**TASK DETAILS:** Return all of the data exactly as written, without the pictures.

**RECORDED INFORMATION:**
+ + + + + + +

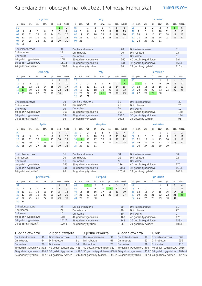 Kalendarz dni roboczych na czerwiec 2022 r. Z tygodniami. Pięciodniowy tydzień pracy. W czerwiec 2022 r. w Polinezji Francuskiej 3 świąt i dni wolnych. Kalendarz z godzinami pracy i odroczonymi dniami wolnymi.
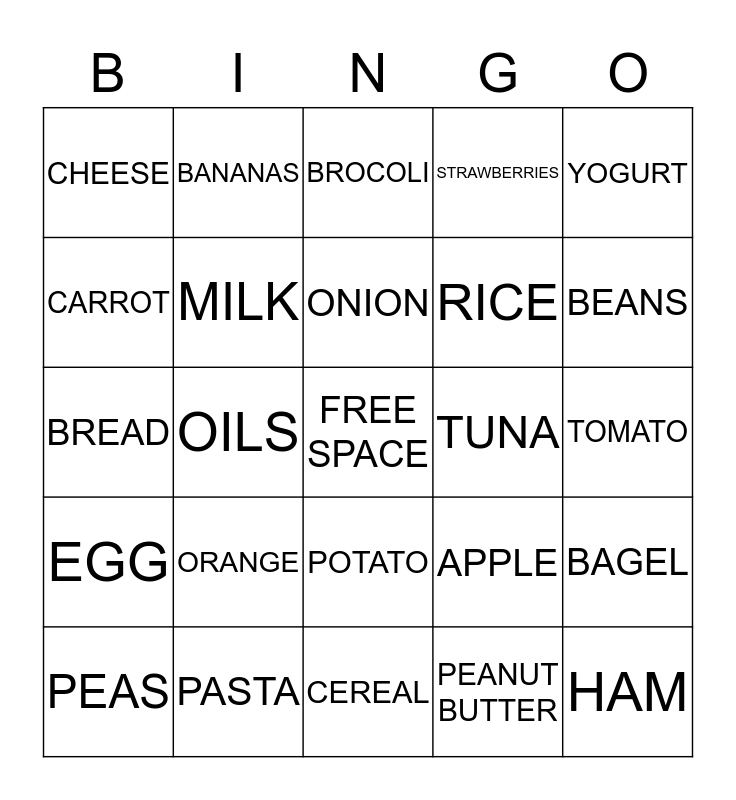 This bingo card has a free space and 24 words: ORANGE, PASTA, ONION, PEAS, YOGURT, CHEESE, CARROT, BANANAS, TUNA, POTATO, RICE, BREAD, APPLE, BAGEL, MILK, PEANUT BUTTER, TOMATO, BROCOLI, BEANS, OILS, HAM, EGG, STRAWBERRIES and CEREAL.
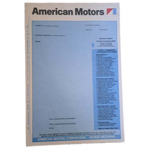 1970 BLANK WINDOW NEW CAR PRICE STICKER
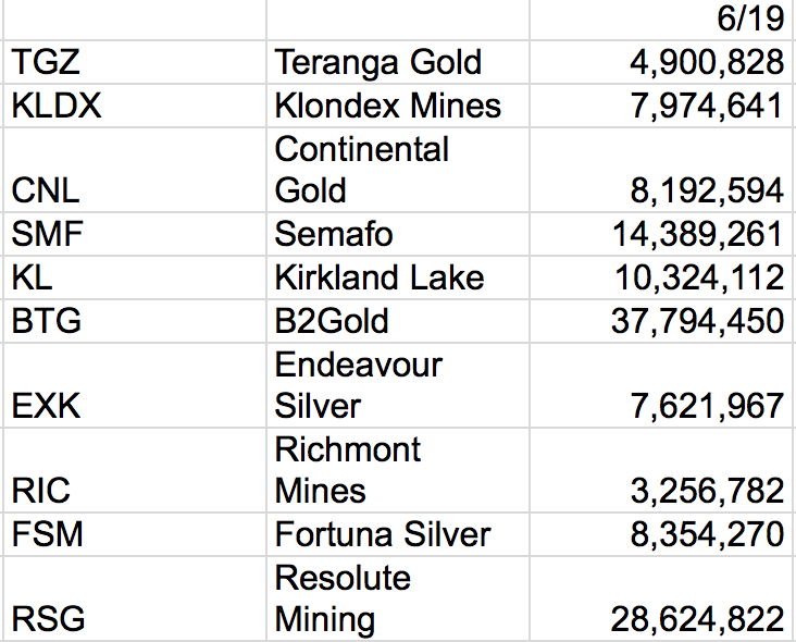 Well, after market close today (6/19/17), GDXJ has now got this new list out for ya’ll.

+ + + + + + +

**ANSWER TO THE PROBLEM:**
 Kalendarz dni roboczych na czerwiec 2022 r. Z tygodniami. Pięciodniowy tydzień pracy. W czerwiec 2022 r. w Polinezji Francuskiej 3 świąt i dni wolnych. Kalendarz z godzinami pracy i odroczonymi dniami wolnymi.
 This bingo card has a free space and 24 words: ORANGE, PASTA, ONION, PEAS, YOGURT, CHEESE, CARROT, BANANAS, TUNA, POTATO, RICE, BREAD, APPLE, BAGEL, MILK, PEANUT BUTTER, TOMATO, BROCOLI, BEANS, OILS, HAM, EGG, STRAWBERRIES and CEREAL.
 1970 BLANK WINDOW NEW CAR PRICE STICKER
 Well, after market close today (6/19/17), GDXJ has now got this new list out for ya’ll.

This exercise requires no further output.